## Problem requirements
Please return exactly the lines from the top of the data through the line that contains "2008 Hot Wheels", and skip all pictures.

## Stored items
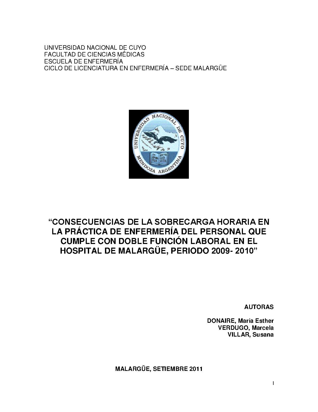 Consecuencias de la sobrecarga horaria en la práctica de enfermería del personal que cumple con doble función laboral en el Hospital de Malargüe, período 2009-2010
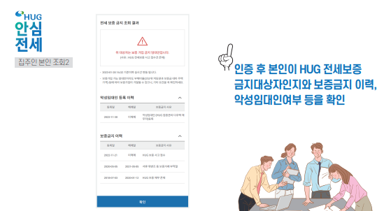 또한, 임대인이 주택도시보증공사(HUG)나 한국주택금융공사(HF)의 보증 가입 금지 여부를 동시에 조회할 수 있습니다. 보증 가입 금지 대상인 경우, 임차인은 이를 사전에 파악하여 더 신중한 결정을 내릴 수 있습니다.
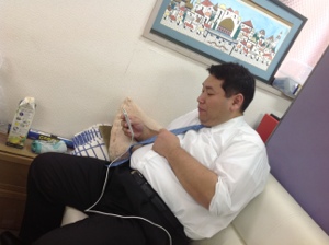 いつもの場所でくつろぎ中の真境名牧師! そしていつもの唐揚げ弁当食べて、ご満悦!
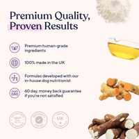 Our Multivitamin chews are packed with essential vitamins like A, B, C, and D, plus omega-3-rich salmon oil to support strong joints, heart health, and a shiny coat. With anti-inflammatory ingredients like turmeric, these chews help keep your dog active, healthy, and full of energy. An easy, tasty, daily boost to fill any gaps in their diet.
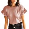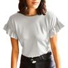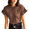 Женская футболка с коротким рукавом, повседневные базовые футболки, летние однотонные вязаные футболки свободного покроя с рюшами и круглым вырезом, блузки — купить товар онлайн с бесплатной доставкой до всему миру!
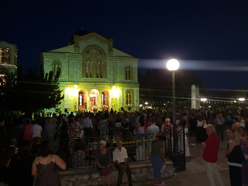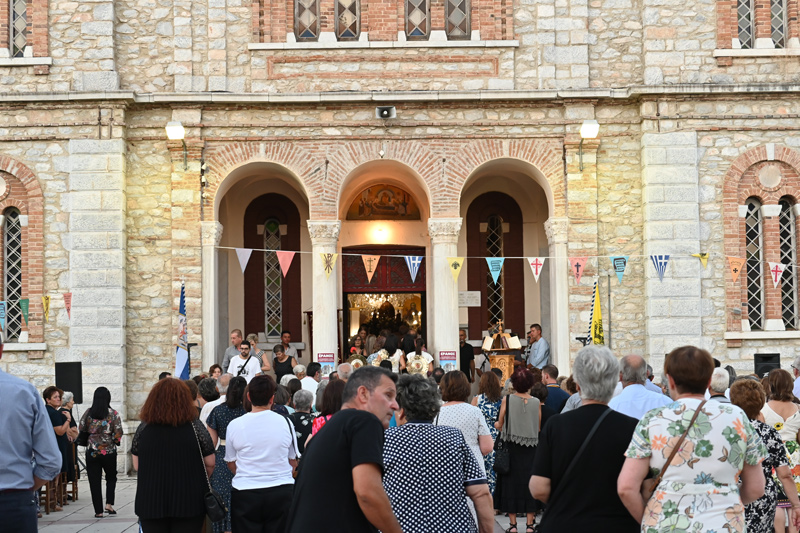 Στον μεγαλοπρεπή εντυπωσιακό μητροπολιτικό Ναό που κοσμεί τον Αμπελώνα πραγματοποιήθηκε ο ο Πανηγυρικός Εσπερινός μετά Αρτοκλασίας. Φωταγωγημένος περιμένει την μεγάλη στιγμή της αποκατάστασης για να γίνει ξανά η Θεία Λειτουργία μετά τις ζημιές από τον σεισμό της 3ης Μαρτίου.
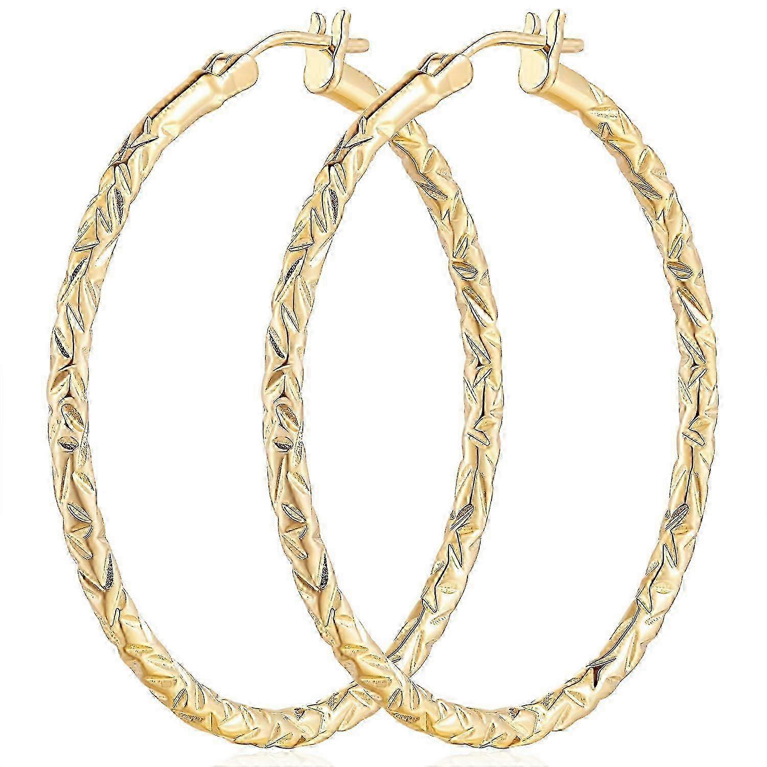 Gold Hoop Earrings 14K Gold Hoop Earrings for Women Large 14K Earring Hoops Interlaced Engraving Design Womens Earring Hoops 35/40mm Ref: 3446
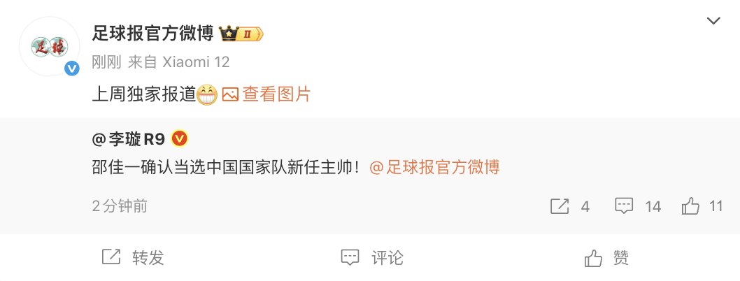 6686体育官网11月5日讯 据《足球报》 报道,前中国男足国脚、助教&现青岛西海岸主帅邵佳一确认当选中国男足主帅。
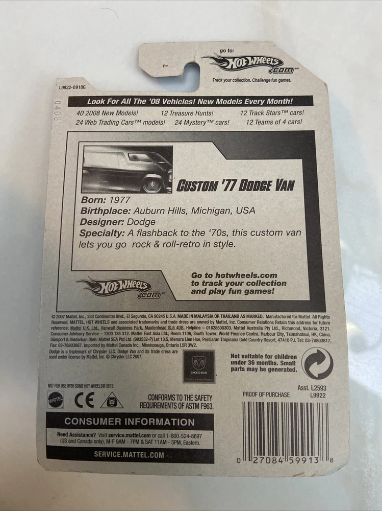2008 Hot Wheels New Models Custom '77 Dodge Van Gray w/Flames 7.
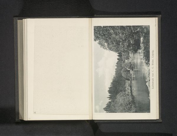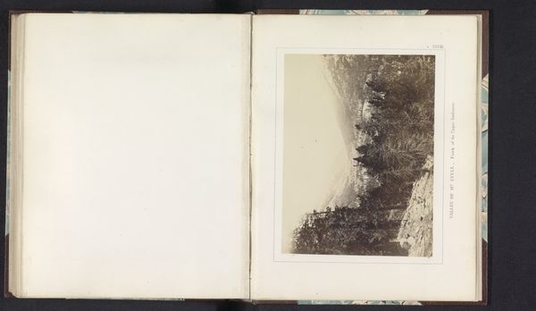 Curator: Here we have "Berglandschap nabij Suldalsosen," a landscape etching, graphite and photograph print, believed to be created before 1893, by Paul Lange. The piece showcases a dramatic mountain landscape near Suldalsosen. What strikes you first about it? Editor: Well, it's overwhelmingly moody. All those grey tones... It feels like a landscape shrouded in a heavy silence. It is so contained by this pristine white space in this album that amplifies the almost claustrophobic scene—dense trees, imposing mountain face, a river cutting through... There’s a beautiful tension there. Curator: I think the photographic elements contribute to that mood. Lange was working in a period when photography was changing landscape representation—it was able to give realistic but not objective representations of the scenery, this might offer a more grounded perspective on nature as this was an era defined by burgeoning industrialization. Editor: I see what you mean. But to me, this isn't about objectivity at all. Look at the way the light filters through the trees, almost dreamlike, the softness of the etched lines softening that "realism." The human impact is subtle, almost hidden within nature's majesty. A lone bridge that hints to life. Curator: And that's interesting, given Lange's context. Landscape art was often tied to national identity and pride, this piece may embody a reverence for Norway's untouched natural beauty. But with the hint to photography it does feel somewhat divorced from that artistic trajectory as it creates almost a visual report about the location instead. Editor: Absolutely. The etching process itself is about building depth and atmosphere. I'm fascinated by that combination of precision and artistic interpretation—this feels both intimate and grand. Curator: It also prompts us to consider who had access to these images back then. Prints made art and these scenic places more accessible beyond the wealthy elite which in turns reinforces the cultural importance to this land to its people. Editor: Indeed. The beauty, even in monochrome, captivates. Makes one wonder about Lange's intentions – a landscape of national pride or an inward escape. Curator: A complex landscape representing complicated issues I suspect. One where history and emotional experience flow together much like the waters shown in the print. Editor: A very astute reading, thank you!
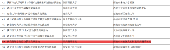 近日,陕西省教育厅命名首批“陕西省大中小学劳动教育实践基地”,西安翻译学院劳动教育实践基地成功入选。本次评选面向由政府或社会力量举办的劳动教育实践基地,包括综合实践基地、研学基地、青少年校外活动场所、职业院校和普通高校实习实践场所等,采取基地自评、市级初评、省级评审和认定公布的流程,共获评50个劳动教育实践基地,其中本科院校获评9个。
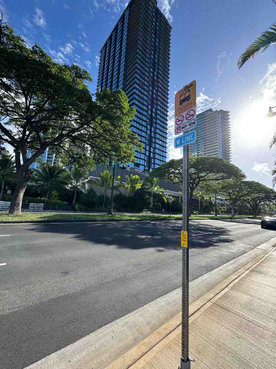 ワード(カカアコ)のWライン用バスストップは歩道橋の入り口にあります。便利。

## Written solution
 Consecuencias de la sobrecarga horaria en la práctica de enfermería del personal que cumple con doble función laboral en el Hospital de Malargüe, período 2009-2010
 또한, 임대인이 주택도시보증공사(HUG)나 한국주택금융공사(HF)의 보증 가입 금지 여부를 동시에 조회할 수 있습니다. 보증 가입 금지 대상인 경우, 임차인은 이를 사전에 파악하여 더 신중한 결정을 내릴 수 있습니다.
 いつもの場所でくつろぎ中の真境名牧師! そしていつもの唐揚げ弁当食べて、ご満悦!
 Our Multivitamin chews are packed with essential vitamins like A, B, C, and D, plus omega-3-rich salmon oil to support strong joints, heart health, and a shiny coat. With anti-inflammatory ingredients like turmeric, these chews help keep your dog active, healthy, and full of energy. An easy, tasty, daily boost to fill any gaps in their diet.
 Женская футболка с коротким рукавом, повседневные базовые футболки, летние однотонные вязаные футболки свободного покроя с рюшами и круглым вырезом, блузки — купить товар онлайн с бесплатной доставкой до всему миру!
 Στον μεγαλοπρεπή εντυπωσιακό μητροπολιτικό Ναό που κοσμεί τον Αμπελώνα πραγματοποιήθηκε ο ο Πανηγυρικός Εσπερινός μετά Αρτοκλασίας. Φωταγωγημένος περιμένει την μεγάλη στιγμή της αποκατάστασης για να γίνει ξανά η Θεία Λειτουργία μετά τις ζημιές από τον σεισμό της 3ης Μαρτίου.
 Gold Hoop Earrings 14K Gold Hoop Earrings for Women Large 14K Earring Hoops Interlaced Engraving Design Womens Earring Hoops 35/40mm Ref: 3446
 6686体育官网11月5日讯 据《足球报》 报道,前中国男足国脚、助教&现青岛西海岸主帅邵佳一确认当选中国男足主帅。
2008 Hot Wheels New Models Custom '77 Dodge Van Gray w/Flames 7.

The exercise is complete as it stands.